Question

this is estimating population proportion in Statistics. If a trial is repeated n times with x successes. In each case use a 95% degree of confidence and find the margin of error E.n=500, x=100

Answer 1

Given that:

`\begin{gathered} n=500 \\ x=100 \end{gathered}`

You need to use the following formula in order to calculate the Margin of error E:

`E=Z_{(a)/(2)}\sqrt[]{(pq)/(n)}`

Where "p" is the probability of success, "q" is the probability of failure, "Z" is z-score, and "n" is the sample size.

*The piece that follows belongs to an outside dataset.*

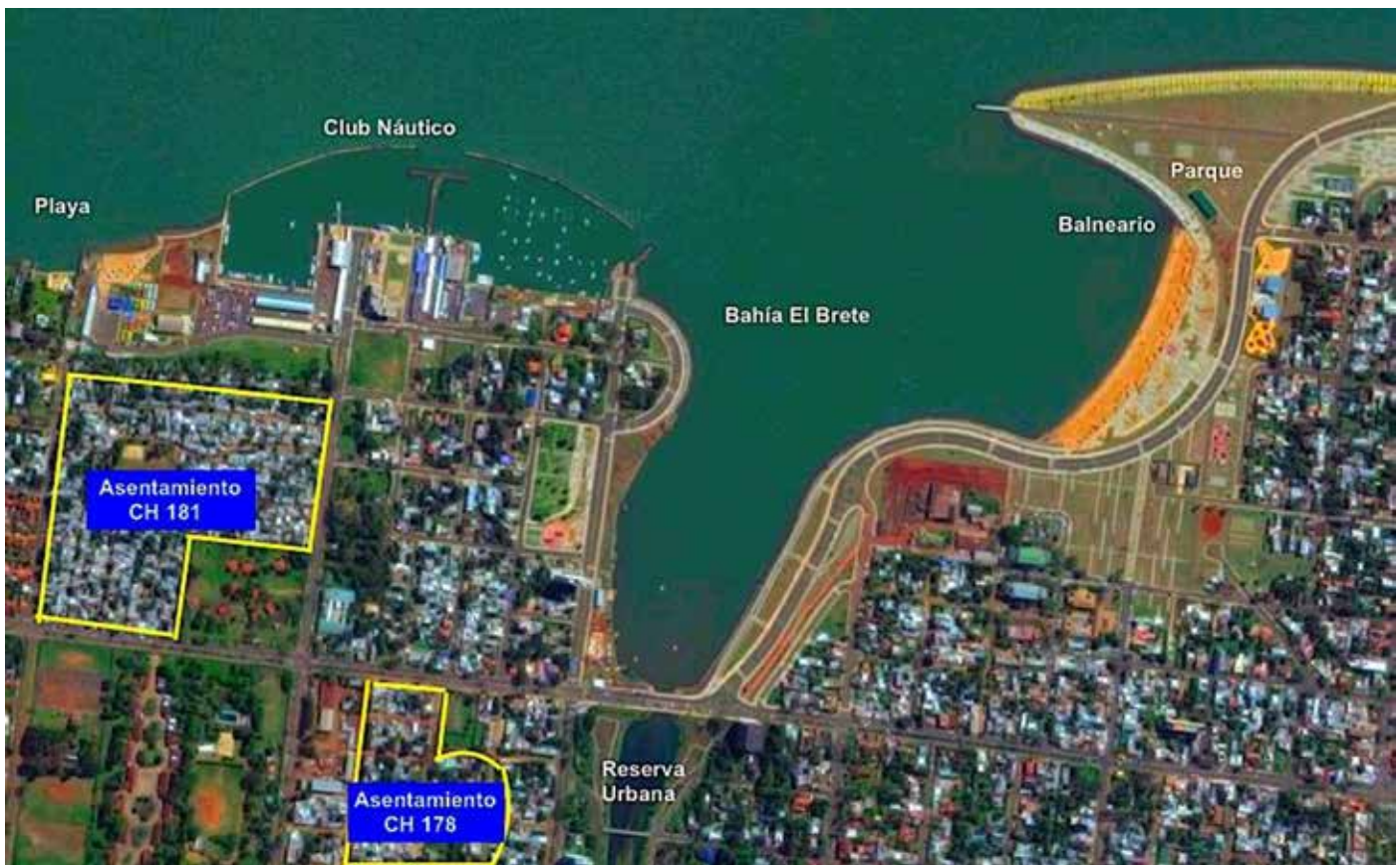
Figura 5. Nueva área costera de la Bahía El Brete y los asentamientos que persisten.

emergidos otros asentamientos en distintos puntos de la trama urbana y se han sumado a aquellos que permanecieron en los intersticios de la renovación urbana. Es notorio que los lugares que ocupan estos asentamientos son residuales, intersticiales, pero estratégicos en el contexto urbano. Son residuales frente al avance de las obras de infraestructura que fue dejando la ciudad formal, y estratégicos de cara a las estructuras de oportunidades que otorga su ubicación: proximidad al trabajo, a los nuevos espacios de esparcimiento, minimización de tiempos, distancias y costos de transportes.

In this case, since you need to use a 95% degree of confidence, by definition:

`Z_{(a)/(2)}=1.96`

By definition:

`\begin{gathered} p=(x)/(n) \\ \\ q=1-p \end{gathered}`

Substituting the values of "n" and "x" into the first formula and evaluating, you get that:

`p=(100)/(500)=0.2`

Therefore, "q" is:

`\begin{gathered} q=1-0.2 \\ q=0.8 \end{gathered}`

Knowing all those values, you can substitute them into the formula for calculating the Margin of Error:

`E=1.96\sqrt[]{((0.2)(0.8))/(500)}`

Finally, evaluating, you get:

`\begin{gathered} E=1.96\sqrt[]{(0.16)/(500)} \\ \\ E\approx0.0351 \end{gathered}`

Therefore, the answer is:

`E\approx0.0351`